Лузянин большой человек у нас в области. Случись это года три назад, можно было бы не задумываясь сказать, что Лузянин, мол, второй человек в области. А теперь и тут и там их по двое - и в обкоме, и в облисполкоме. Так что не сразу определишь, кто второй, а кто четвертый. Лучше уж, никого не обижая, сказать просто: большой человек.
Вот этот большой человек из области и был причиной того, почему так поздно горел свет в окнах дома, где находится производственное управление.
Лузянин проводил совещание. Начавшееся сразу же после обеда, совещание затянулось. Все собравшиеся в кабинете начальника управления изрядно устали.
И только один Лузянин, казалось, не чувствовал усталости. Грузный, седоволосый, он сидел за столом председателя и терпеливо выслушивал выступавших.
Разговор шел о положении в колхозах и совхозах района. Но Лузянин попросил, чтобы пригласили всех: и аграрников, и промышленников. Хотя и все тут собрались, но совещание было не такое уж многолюдное.
Вот если б такой большой человек из области приехал бы в те старые времена, при райкомах, тогда б тут дым стоял коромыслом! А теперь, после реорганизации, и собирать-то стало некого. Пришли начальники, заведующие отделами, инспектора-организаторы. Человек тридцать из колхозно-совхозного управления, десятка два из парткомов, да какой-нибудь десяток из райисполкомов - вот и все.
Совещание, как я уже сказал, затянулось. Как всегда, к концу кто-то выступал, кто-то переговаривался меж собой.
- До чего ж надоели эти бесконечные разговоры о запущенности деревни! - сказал секретарь промышленного парткома, обращаясь к своему сельскому коллеге, сидевшему рядом. - Не понимаю одного: при чем тут мы? Зачем промышленников-то позвали?
- Не знаю… - лениво отозвался тот и, прежде чем зевнуть, закрыл рот ладонью.
Ему казалось, что зевок его никем не был замечен.

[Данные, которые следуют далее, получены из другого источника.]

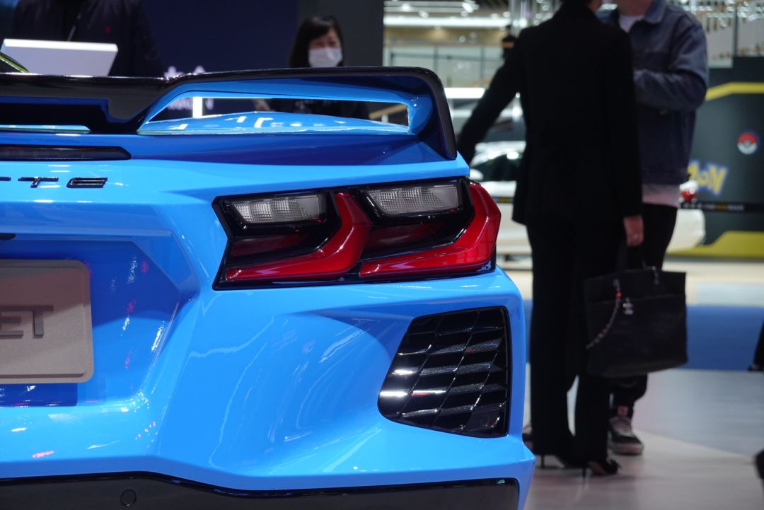 车尾部分,新款科尔维特C8的尾部设计继承了美式经典肌肉跑车的力量美感,车尾左右两侧的尾灯组采用了LED光源的“L”形灯带,熏黑的保险杠配合扩散器以及双边共四出的方形排气,战斗感非常足。
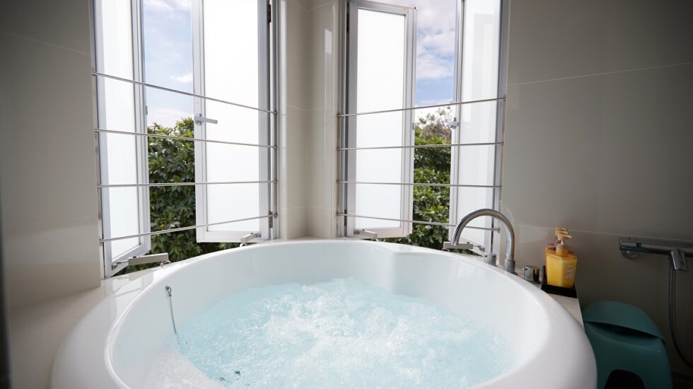 星のテラスもとぶ山里は「JUNGLIA OKINAWA(ジャングリア沖縄)」から車で約25分の距離にあるホテル。周囲は本部町の山々に囲まれ、客室からもグリーンビューを楽しめます。全ての客室にジェットバスを完備。ぜひ窓を全開にして、やんばるの大自然の風景に癒されながら、癒しのバスタイムを満喫しましょう。アメニティとして置かれたバブルバスの入浴剤を使うと、より贅沢に過ごせますよ。
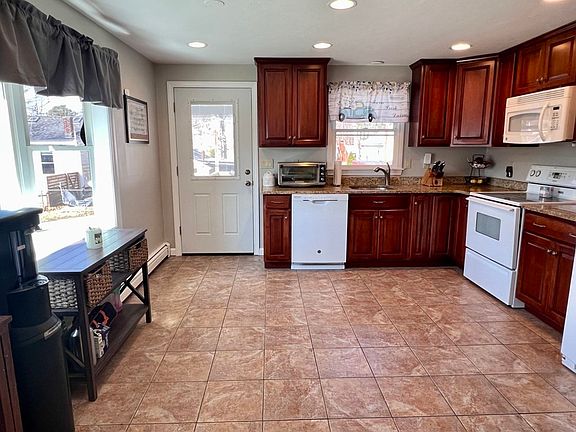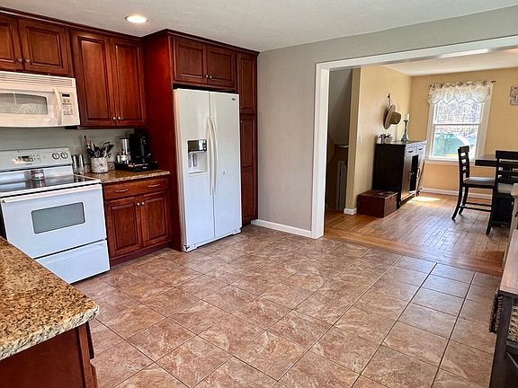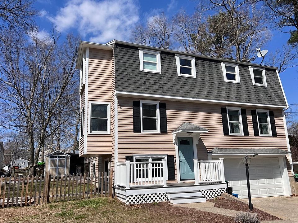 Motivated Sellers!! This 4-bedroom home has great space both inside & out! A unique split-entry Gambrel with one bedroom down and three up offers tons of options for living space, office and play/rec rooms. A bright, sunny home with hardwoods throughout first floor living room, bedroom, dining room and all second floor bedrooms, as well as hallways and stairs! The large kitchen offers granite countertops and plenty of room and is open to adjacent dining room. Finished basement adds more space for you to use as you please (400+ sf more!) So many options with a bathroom in the basement and on every floor. Outside offers a fenced-in yard with great deck for entertaining as well as yard with rustic tiki bar! Oversized one-car garage under, paved off-street parking and large back and side yard make this a great find! A great home to get into in Norton, on a quiet side street,great access to highway to get to Providence and Boston. Home comes with 1-year American Home Shield Warranty!
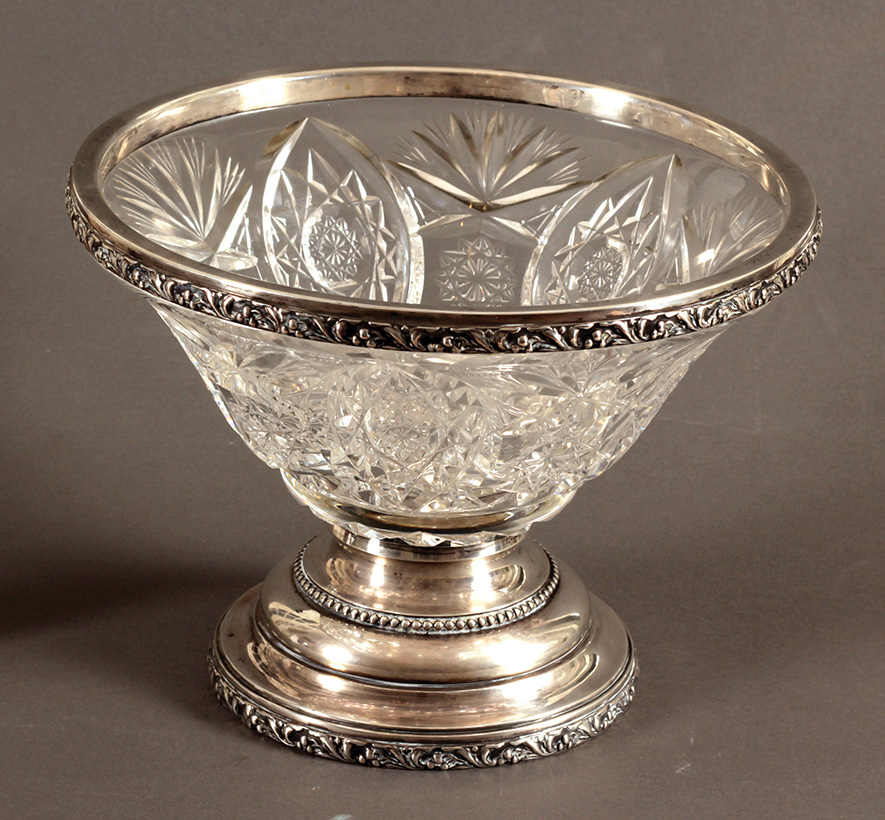 Kristalna frutijera sa srebrnim postoljem i obodom
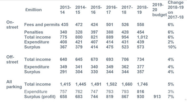 The RAC foundation said the 353 local authorities in England received total income of £1.746bn from their on and off-street parking operations in 2018-19 while spending £816m on running parking.
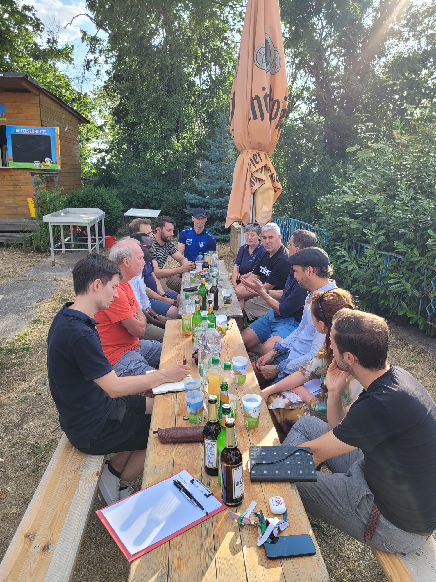 Und natürlich durfte die Schilderung der katastrophalen Bewässerungssituation auf der Sportanlage nicht fehlen, die durch die willkürliche Kappung der Brauchwasserleitung von der Saale zum Sportplatz im Zuge der Sanierung der Riveuferpromenade entstanden ist. Auch wenn mittlerweile eine provisorische Zuleitung errichtet wurde, die nach etlichen vergeblichen Versuchen seit heute auch funktioniert, sind die Schäden auf dem Sportplatz bereits beträchtlich. Die Hilflosigkeit unseres Vereins (trotz massiver Bemühungen) gegenüber dem (Nicht)Handeln verschiedener Bereiche der Stadtverwaltung wurde sehr detailliert geschildert und mit sehr großer Verwunderung durch unsere Gäste aufgenommen. Das Versprechen der Vertreter der SPD-Fraktion, von politischer Seite bei der Verwaltung dranzubleiben und nachzuhaken nehmen wir sehr gerne an.
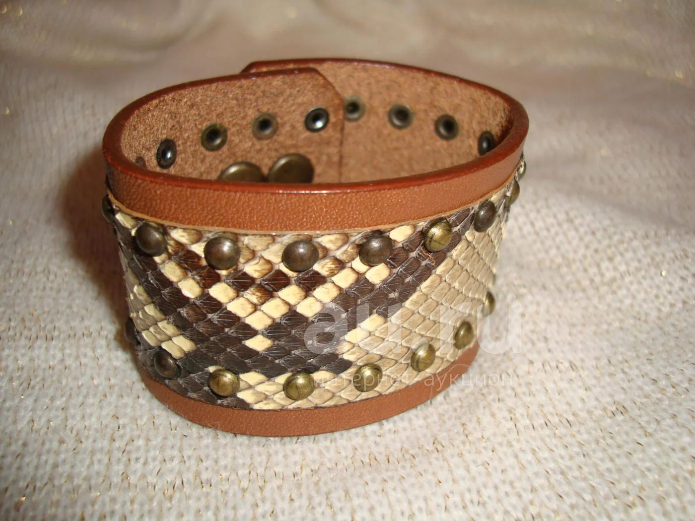 Оригинальный байкерский браслет, подходит на худенькую женскую руку. Кожа змеи пластиной приклёпана к основанию браслета с помощью латунных заклёпок. Размер браслета регулируется кнопками. Ручная работа. Товар новый, производства США, куплен в Японии, находится в наличии во Владивостоке. Также смотрите множество товаров для байкеров в моей базе объявлений: au.ru/user/Chopper-style/
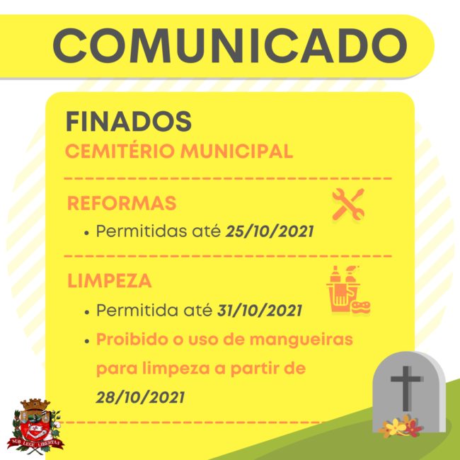 · Irá realizar alguma reforma ou limpeza no cemitério?Leia o comunicado.
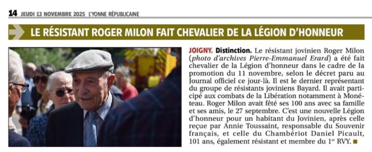 Roger Milon, ancien résistant du Groupe Bayard vient d’être décoré Chevalier de la Légion d’Honneur. Cette distinction rend hommage à un homme d’une grande valeur,

Однако Лузянин заметил. Он взглянул на наручные часы и проговорил удивленно:
- О-о, первый час, товарищи! Пора заканчивать… - Лузянин отставил от себя настольную лампу, слепившую глаза, и поднялся из-за стола. Он поднялся быстро и встал прямо, не сутулясь, снял очки и начал протирать их. И все бывшие тут думали, что Лузянин протирает очки потому, что они запотели. А он делал это для того, чтобы выиграть время и прийти, как говорится, в себя. Никто и не подозревал, какого труда стоило ему вот так уверенно встать из-за стола.